Eliane Radigue
Her life journey has been remarkable. At the end
of the fifties, she studied in Paris with musique concrète pioneers
Pierre Schaeffer and Pierre Henry, whom she also assisted, notably for
the premiere of L'Apocalypse de Jean. During the sixties she began
composing with primitive electronics (feedback and asynchronous tape
loops), but found little recognition for her research in France.
In
New York in the early seventies, she found understanding and emulation,
exploring emerging minimalism with James Tenney, Charlemagne Palestine,
Phillip Glass, John Gibson, and Steve Reich. Her absolute allegiance to
electronic sounds began during this period. Since then she has composed
on the best synthesizers of the time: Buchla, Moog, Serge, and then
ARP, which would become her fetish instrument. She collaborated with
Robert Ashley, who sang on Les Chants de Milarepa. She has composed
about two dozen works, which she has presented and continues to present
at numerous prestigious venues and festivals in the United States and
Europe.
In 2004, upon Kasper Toeplitz´s request, she started
instrumental compositions for one or more performers, with whom she
works in a close collaboration during the compositional process.
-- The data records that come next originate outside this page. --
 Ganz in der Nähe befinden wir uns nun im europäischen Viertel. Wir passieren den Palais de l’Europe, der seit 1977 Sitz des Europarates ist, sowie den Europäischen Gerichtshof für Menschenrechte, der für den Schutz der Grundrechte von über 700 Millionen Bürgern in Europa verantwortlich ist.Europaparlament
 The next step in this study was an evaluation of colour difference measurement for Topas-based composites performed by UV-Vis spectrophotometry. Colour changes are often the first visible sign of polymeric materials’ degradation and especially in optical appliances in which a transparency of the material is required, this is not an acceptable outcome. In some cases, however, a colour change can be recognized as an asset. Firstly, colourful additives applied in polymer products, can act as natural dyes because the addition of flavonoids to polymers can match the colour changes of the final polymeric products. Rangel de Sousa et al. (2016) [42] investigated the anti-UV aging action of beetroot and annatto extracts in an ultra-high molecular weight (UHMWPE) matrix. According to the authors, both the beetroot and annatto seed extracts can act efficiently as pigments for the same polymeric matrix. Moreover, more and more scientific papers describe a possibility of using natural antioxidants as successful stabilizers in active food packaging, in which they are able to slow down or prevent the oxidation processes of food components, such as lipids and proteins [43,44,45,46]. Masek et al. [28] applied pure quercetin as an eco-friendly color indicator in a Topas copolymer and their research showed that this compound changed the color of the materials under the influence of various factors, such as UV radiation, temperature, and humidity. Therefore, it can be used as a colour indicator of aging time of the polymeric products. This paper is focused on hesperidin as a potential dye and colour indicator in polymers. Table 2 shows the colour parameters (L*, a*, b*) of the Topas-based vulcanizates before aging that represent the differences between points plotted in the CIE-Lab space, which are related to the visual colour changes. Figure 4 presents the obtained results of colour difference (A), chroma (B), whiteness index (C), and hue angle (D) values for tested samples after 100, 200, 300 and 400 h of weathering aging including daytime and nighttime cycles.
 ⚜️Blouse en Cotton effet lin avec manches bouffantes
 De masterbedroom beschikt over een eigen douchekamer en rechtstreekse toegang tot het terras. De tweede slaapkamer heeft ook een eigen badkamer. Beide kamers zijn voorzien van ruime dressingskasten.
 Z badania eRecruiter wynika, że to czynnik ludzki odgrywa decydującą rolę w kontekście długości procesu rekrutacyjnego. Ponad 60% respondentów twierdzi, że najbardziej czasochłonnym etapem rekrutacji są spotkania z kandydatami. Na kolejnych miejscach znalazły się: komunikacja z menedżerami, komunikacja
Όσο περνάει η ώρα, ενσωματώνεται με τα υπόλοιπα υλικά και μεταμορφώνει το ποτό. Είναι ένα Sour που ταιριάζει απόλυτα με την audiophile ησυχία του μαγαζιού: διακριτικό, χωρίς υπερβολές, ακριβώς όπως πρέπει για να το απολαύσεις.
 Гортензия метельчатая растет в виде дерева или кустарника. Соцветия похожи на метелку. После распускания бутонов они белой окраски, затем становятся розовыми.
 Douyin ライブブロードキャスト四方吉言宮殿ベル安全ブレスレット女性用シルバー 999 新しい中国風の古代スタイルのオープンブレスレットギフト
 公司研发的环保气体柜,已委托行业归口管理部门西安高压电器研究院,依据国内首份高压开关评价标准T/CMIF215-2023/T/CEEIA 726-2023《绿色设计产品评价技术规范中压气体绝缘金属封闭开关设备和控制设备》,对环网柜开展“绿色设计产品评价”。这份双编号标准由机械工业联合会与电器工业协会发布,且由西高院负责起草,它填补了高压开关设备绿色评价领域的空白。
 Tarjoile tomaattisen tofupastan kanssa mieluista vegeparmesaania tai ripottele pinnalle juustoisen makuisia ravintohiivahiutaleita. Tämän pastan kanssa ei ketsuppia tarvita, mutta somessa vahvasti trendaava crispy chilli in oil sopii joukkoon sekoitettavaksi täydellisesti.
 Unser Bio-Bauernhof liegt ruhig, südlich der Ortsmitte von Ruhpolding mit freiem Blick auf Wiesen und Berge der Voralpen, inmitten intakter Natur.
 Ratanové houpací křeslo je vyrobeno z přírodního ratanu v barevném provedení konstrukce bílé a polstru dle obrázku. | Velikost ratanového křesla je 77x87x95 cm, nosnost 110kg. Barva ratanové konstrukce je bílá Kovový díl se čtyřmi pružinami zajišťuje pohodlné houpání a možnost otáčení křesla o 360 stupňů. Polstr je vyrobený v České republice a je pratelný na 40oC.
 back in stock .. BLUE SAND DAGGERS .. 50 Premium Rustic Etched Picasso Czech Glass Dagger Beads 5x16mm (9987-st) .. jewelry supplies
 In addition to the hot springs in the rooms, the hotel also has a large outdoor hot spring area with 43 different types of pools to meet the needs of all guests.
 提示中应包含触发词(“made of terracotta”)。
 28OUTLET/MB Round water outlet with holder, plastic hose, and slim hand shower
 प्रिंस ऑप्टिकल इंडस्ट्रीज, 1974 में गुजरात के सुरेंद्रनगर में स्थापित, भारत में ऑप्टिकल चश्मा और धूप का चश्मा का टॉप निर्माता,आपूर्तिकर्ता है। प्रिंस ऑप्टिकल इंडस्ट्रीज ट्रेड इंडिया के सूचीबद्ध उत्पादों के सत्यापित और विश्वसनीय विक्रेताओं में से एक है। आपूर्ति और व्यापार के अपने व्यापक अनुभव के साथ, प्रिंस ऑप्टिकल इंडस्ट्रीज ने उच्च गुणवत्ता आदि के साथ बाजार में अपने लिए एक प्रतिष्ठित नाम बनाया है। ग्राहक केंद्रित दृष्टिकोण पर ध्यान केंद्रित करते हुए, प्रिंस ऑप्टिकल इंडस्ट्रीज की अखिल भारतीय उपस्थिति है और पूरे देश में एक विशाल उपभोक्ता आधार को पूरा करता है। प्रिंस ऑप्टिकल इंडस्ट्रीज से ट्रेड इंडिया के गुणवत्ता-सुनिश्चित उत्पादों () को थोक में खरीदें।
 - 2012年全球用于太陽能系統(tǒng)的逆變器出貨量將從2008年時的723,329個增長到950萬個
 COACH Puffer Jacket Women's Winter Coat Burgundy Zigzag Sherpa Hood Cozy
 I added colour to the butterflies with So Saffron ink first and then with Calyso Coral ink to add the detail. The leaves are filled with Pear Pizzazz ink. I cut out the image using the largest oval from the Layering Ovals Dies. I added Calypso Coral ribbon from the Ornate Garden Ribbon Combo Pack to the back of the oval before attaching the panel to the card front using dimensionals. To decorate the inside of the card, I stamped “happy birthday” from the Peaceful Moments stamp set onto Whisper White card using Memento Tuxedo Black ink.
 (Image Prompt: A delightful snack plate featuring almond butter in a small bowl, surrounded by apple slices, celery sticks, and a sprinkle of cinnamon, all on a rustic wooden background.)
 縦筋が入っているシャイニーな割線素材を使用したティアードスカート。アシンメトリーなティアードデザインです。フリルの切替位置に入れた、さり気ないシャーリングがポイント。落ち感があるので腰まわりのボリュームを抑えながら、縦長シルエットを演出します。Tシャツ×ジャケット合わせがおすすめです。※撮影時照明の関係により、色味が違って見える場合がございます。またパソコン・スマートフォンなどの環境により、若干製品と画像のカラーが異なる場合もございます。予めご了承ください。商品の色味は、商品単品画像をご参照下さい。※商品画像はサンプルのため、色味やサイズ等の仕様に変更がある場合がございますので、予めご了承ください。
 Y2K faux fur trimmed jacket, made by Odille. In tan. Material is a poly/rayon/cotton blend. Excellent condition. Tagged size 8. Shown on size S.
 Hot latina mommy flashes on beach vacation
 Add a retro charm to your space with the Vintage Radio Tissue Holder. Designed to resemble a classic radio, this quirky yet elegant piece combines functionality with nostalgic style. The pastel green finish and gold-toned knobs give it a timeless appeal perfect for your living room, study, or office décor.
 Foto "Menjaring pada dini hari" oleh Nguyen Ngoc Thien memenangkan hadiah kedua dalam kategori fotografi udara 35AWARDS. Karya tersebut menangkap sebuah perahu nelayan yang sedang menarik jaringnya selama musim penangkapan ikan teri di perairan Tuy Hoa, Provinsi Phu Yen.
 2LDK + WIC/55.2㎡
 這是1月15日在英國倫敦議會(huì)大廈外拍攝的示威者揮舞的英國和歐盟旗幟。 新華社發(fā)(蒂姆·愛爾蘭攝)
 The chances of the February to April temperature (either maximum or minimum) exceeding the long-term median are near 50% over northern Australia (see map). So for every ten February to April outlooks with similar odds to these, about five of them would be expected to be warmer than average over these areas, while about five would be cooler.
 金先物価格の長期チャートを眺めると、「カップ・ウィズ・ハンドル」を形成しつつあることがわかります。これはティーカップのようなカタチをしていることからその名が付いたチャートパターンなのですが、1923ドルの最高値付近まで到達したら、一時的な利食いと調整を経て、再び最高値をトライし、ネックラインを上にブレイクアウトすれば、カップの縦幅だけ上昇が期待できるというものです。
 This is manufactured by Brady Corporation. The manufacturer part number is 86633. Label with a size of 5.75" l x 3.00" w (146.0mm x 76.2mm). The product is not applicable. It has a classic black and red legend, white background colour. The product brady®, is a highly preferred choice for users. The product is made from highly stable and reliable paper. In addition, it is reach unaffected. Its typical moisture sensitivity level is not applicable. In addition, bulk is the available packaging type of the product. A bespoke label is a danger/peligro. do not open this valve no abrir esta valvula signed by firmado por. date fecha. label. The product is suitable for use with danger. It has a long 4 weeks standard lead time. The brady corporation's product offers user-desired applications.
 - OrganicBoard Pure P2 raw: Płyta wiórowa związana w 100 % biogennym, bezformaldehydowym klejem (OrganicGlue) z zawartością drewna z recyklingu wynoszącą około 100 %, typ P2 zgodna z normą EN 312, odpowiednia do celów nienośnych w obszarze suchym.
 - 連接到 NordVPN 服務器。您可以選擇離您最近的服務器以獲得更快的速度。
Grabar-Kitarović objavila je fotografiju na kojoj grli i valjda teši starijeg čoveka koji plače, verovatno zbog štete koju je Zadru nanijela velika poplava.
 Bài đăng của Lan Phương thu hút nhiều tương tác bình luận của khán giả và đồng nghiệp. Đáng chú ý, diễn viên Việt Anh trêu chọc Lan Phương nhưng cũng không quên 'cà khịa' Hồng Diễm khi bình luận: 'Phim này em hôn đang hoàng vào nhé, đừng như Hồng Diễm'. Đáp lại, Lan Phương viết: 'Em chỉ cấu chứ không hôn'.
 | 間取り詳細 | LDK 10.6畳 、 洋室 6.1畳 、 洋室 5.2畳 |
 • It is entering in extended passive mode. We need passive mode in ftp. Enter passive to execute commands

This
work gets quickly focused on pure acoustic sounds, in an incredibly
delicate timbral way, which extends, without aesthetic rupture, her
electronic work. Notably between 2004 and 2009, she completed a cycle in
three parts "Naldjorlak", for Charles Curtis on cello, Carol Robinson
and Bruno Martinez on basset horns. She has now stopped her electronic
work.
Emmanuel Holterbach (Translation Leslie Stuck)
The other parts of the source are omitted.